> [BRIEF]
Retype the listing below line for line, but only from the line with "Although, usually, process" down to the line with "Merry Christmas Cats, Mug", inclusive. Pictures stay out.

====== INFORMATION

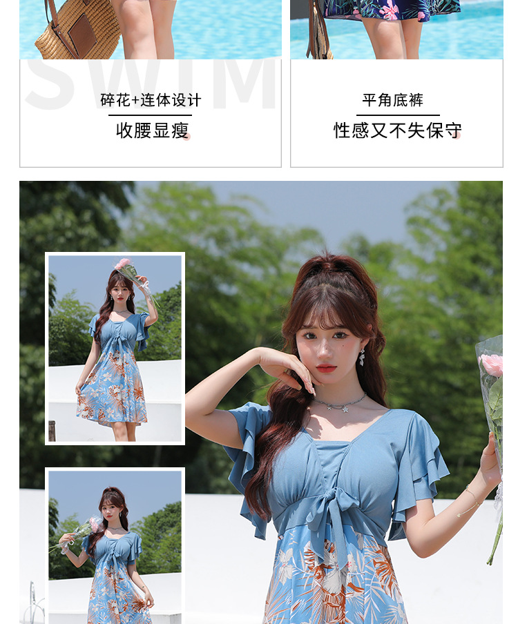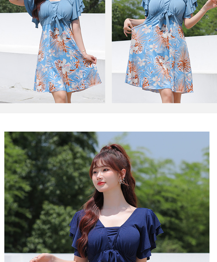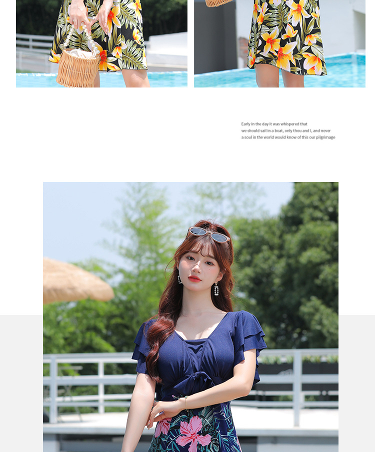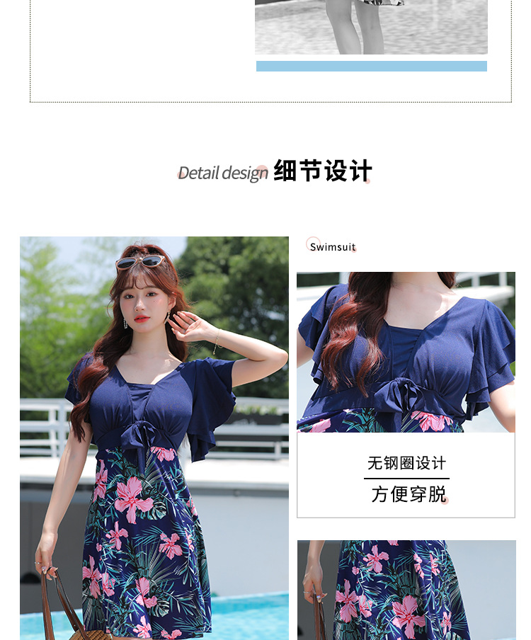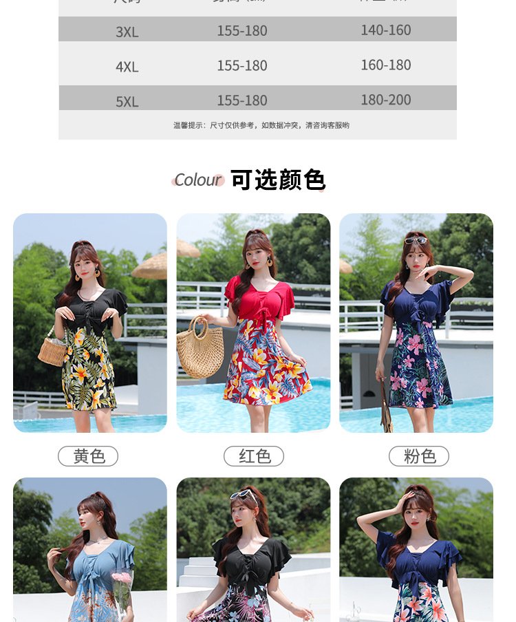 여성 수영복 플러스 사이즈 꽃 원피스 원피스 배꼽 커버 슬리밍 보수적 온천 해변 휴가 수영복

============
====== INFORMATION

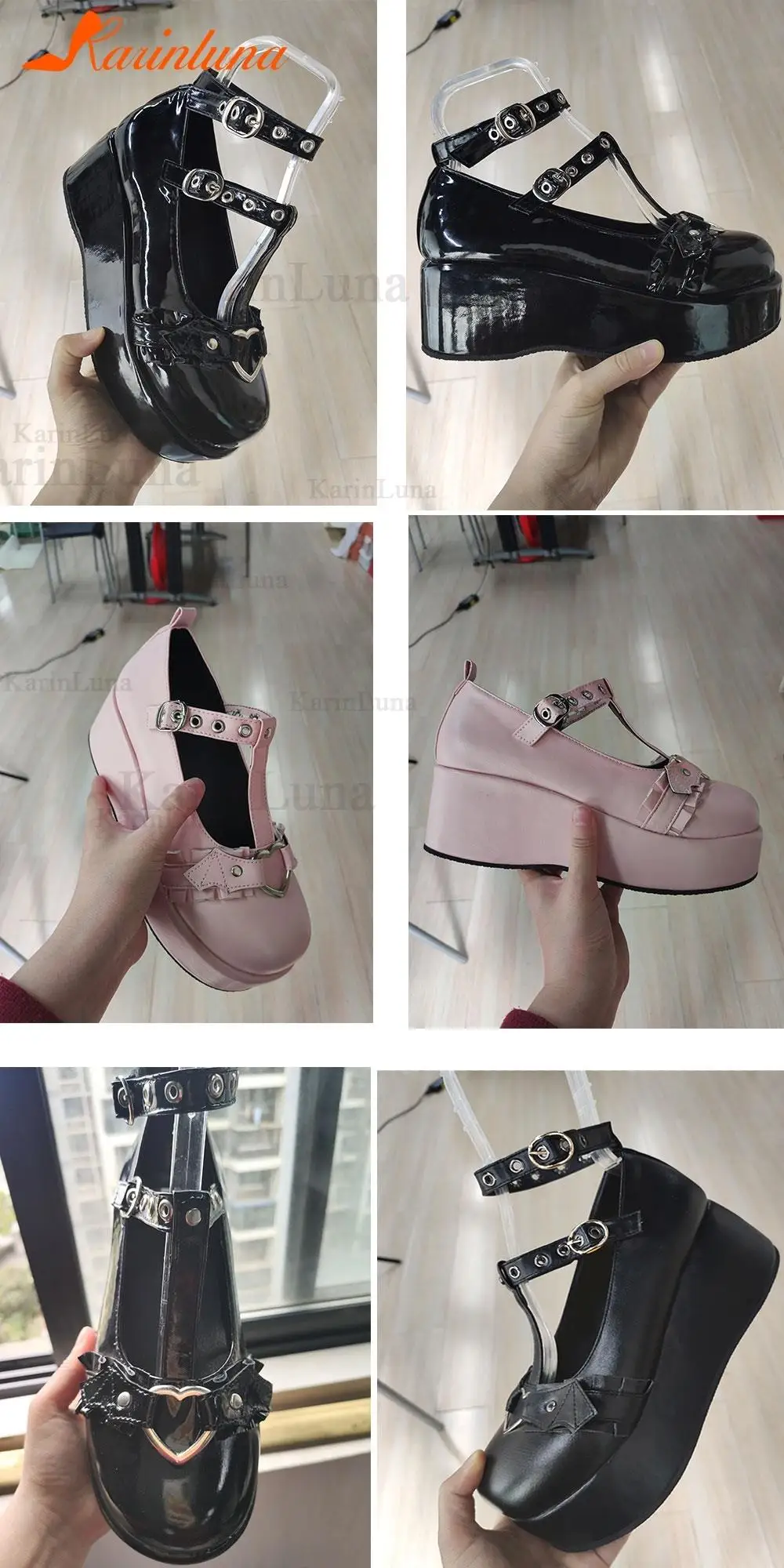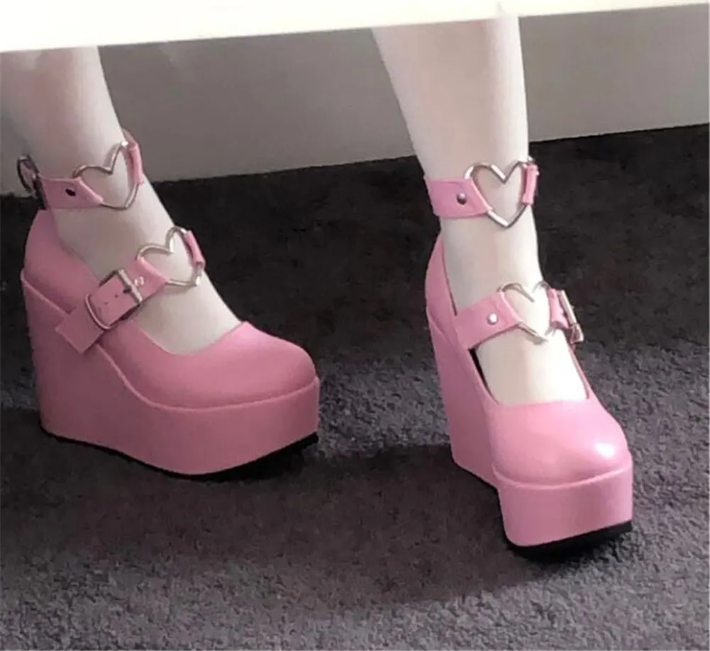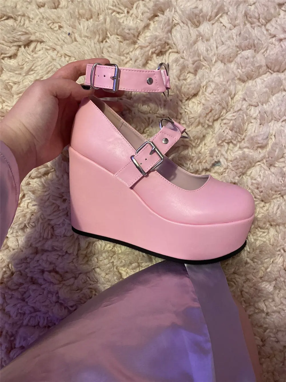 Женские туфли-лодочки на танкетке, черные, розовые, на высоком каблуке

============
====== INFORMATION

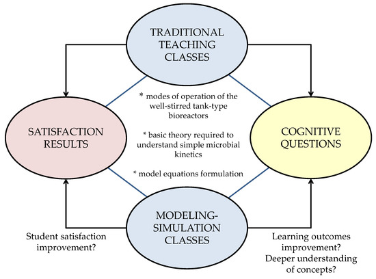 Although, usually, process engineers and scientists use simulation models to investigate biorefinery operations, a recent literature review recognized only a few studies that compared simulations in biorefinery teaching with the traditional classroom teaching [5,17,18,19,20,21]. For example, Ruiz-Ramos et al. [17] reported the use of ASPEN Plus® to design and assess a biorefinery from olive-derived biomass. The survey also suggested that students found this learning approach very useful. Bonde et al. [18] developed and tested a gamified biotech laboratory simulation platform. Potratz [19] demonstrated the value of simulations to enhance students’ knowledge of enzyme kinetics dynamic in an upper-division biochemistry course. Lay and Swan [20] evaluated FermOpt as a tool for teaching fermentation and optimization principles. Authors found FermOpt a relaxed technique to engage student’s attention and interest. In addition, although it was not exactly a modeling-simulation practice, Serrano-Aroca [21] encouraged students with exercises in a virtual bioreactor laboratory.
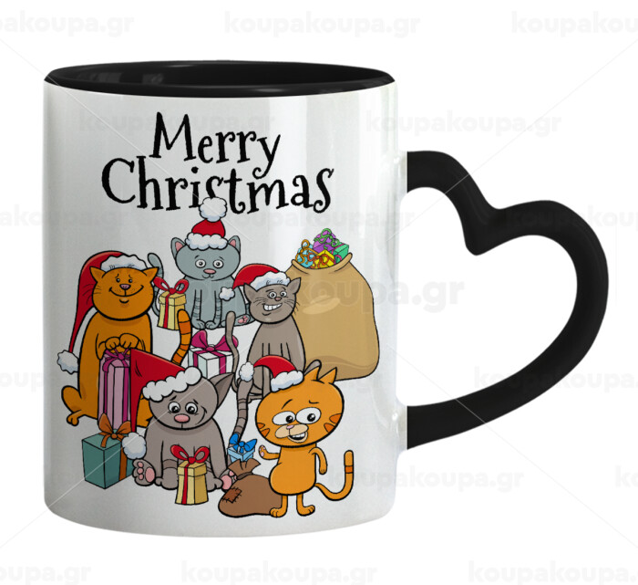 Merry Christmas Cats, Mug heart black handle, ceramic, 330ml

============

> [THE ANSWER]
 Although, usually, process engineers and scientists use simulation models to investigate biorefinery operations, a recent literature review recognized only a few studies that compared simulations in biorefinery teaching with the traditional classroom teaching [5,17,18,19,20,21]. For example, Ruiz-Ramos et al. [17] reported the use of ASPEN Plus® to design and assess a biorefinery from olive-derived biomass. The survey also suggested that students found this learning approach very useful. Bonde et al. [18] developed and tested a gamified biotech laboratory simulation platform. Potratz [19] demonstrated the value of simulations to enhance students’ knowledge of enzyme kinetics dynamic in an upper-division biochemistry course. Lay and Swan [20] evaluated FermOpt as a tool for teaching fermentation and optimization principles. Authors found FermOpt a relaxed technique to engage student’s attention and interest. In addition, although it was not exactly a modeling-simulation practice, Serrano-Aroca [21] encouraged students with exercises in a virtual bioreactor laboratory.
 Merry Christmas Cats, Mug heart black handle, ceramic, 330ml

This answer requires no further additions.